For starters, at breakfast when you made your bowl of porridge—cold and lumpen as you like it, it’s a vanity to eat it warm after all—you found a bag of raisins in the pantry that you swore was not there before. ‘Sun-blessed sweetness,’ you found yourself hushing as you might have done to your adoptive son in his infancy, the dried fruit ringing off the sides of the bowl.

Then there was the walk to the Roxy. Your feet did not hurt for once, which was wonderful. For some unknown reason, you could not help but step into a little stroll—the hum of music in your ears, your eyes gazing upwards to the heavens. What a sight! Long fingers of clouds, white like driven snow before a pool of turquoise sky and golden sun. It was almost enough to set you on a path straight for the outdoor baths at the leisure centre, but you remembered you had a job to go to.

As you neared the dilapidated theatre, still prepossessing under the right light of course, you began to hear cheering voices: ‘Hurray!’ said a well-dressed man in a crimson double-breasted suit to a welcoming throng of people outside the foyer. ‘Masterly, masterly,’ agreed a rangy woman standing beside him. The well-dressed man’s wife perhaps? It was as you drew closer to the central awning—Egyptian in style (via Birmingham) with inlaid gold, long since faded or stolen, and now badly painted over—that your memory sought to spoil the raillery.

There was of course no meeting of the theatre trust scheduled for today. There were no fancy-dress parties or private screenings being held either. Who are these people? Intrigued, you patted down your rumpled coat and dusted away any dandruff from your shoulders, pulled your lapels together under your chin and into the crowd you went.

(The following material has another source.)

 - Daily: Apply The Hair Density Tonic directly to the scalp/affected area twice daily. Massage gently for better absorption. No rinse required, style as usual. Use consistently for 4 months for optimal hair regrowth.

‘Good grief! Harold?’ It was not long before someone thought they recognized you. ‘It is you! Don’t pretend you can’t hear me now,’ the rangy woman from moments earlier stepped closer, the aroma of violets teasing your nose. ‘My, my, you’re looking well,’ the woman looked you up and down. You felt your cheeks redden. You hoped you were not wearing your stained shirt. As the beautiful woman playfully moved her head from side to side, her bright eyes widened as she spoke, introducing you to her husband, ‘You’ve met Beric, haven’t you?’

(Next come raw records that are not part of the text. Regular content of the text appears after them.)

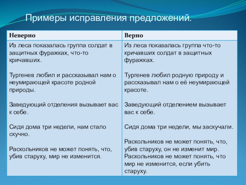 Слайд 25Примеры исправления предложений.
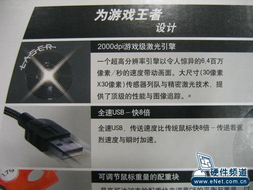 拥有2000dpi游戏级激光引擎的G5,每秒可以处理6.4百万像素,因此必须拥有更快的传输速度,才能满足高数据量的传输,所以罗技为其加入了2.4Ghz全速USB接口,相比传统鼠标快8倍。
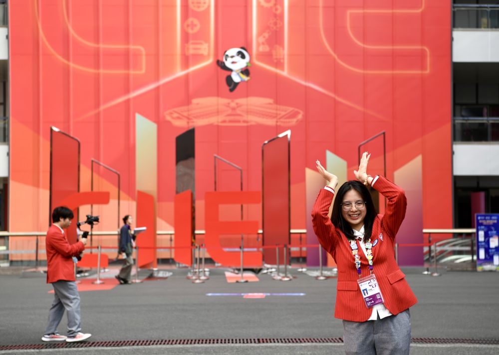 11月4日,志愿者在第七屆中國國際進(jìn)口博覽會(huì)舉辦場(chǎng)地——國家會(huì)展中心(上海)留影。

You absentmindedly brushed at your sleeve. ‘You’re cut from some fine cloth there, Harold,’ the couple remarked in a cut-glass chorus, watching you grope at the plaid fabric.

‘But I feel awfully underdressed,’ you bowed your head.

The woman made a face of mock surprise. ‘You are such a card when you mash like that, Har. Go and look at yourself, in the mirror over there.’ At that you followed to where she was pointing, finding the tall looking glass beside the box office.

You had seen it before in pictures. It was black and white—an installation for cinemagoers to inspect their finery after screenings of The Lady from Shanghai. The hall of mirrors scene, you knew, was famous. Most men back then believed they were Orson Welles, and the women Rita Hayworth, but that was 1947. The mirrors, like much of the Roxy, were lost to time. You turned to look at your new friends, thick in the milling crowd. ‘Go on!’ they gestured for you to turn around.

And then it happened. Your hair, thin and white, was restored to its original thick, youthful, chestnut. Your face, pock-marked and severe, relaxed into its former plump canvas of hope.

And your clothes? The egg-stained off-white shirt, olive slacks and ill-fitting raincoat had transmogrified, as you did, into the uniform of a confident man. Hardy Amies wouldn’t know himself to look at you now, able-bodied in a wide plaid check suit, brilliant scarlet shirt and patent leather shoes. You scarcely saved yourself from adjusting your part line in your shoe’s reflection against the rich, vibrant red neon of ROXY spelled above you.

‘Come on,’ you felt the familiar embrace of your late wife envelop you from behind. ‘I didn’t notice you, so smartly-dressed as you are, Harold,’ she said. ‘You gave me such a shock.’

Taking her hand, soft and warm, you decided to stay here, in whatever dream this was.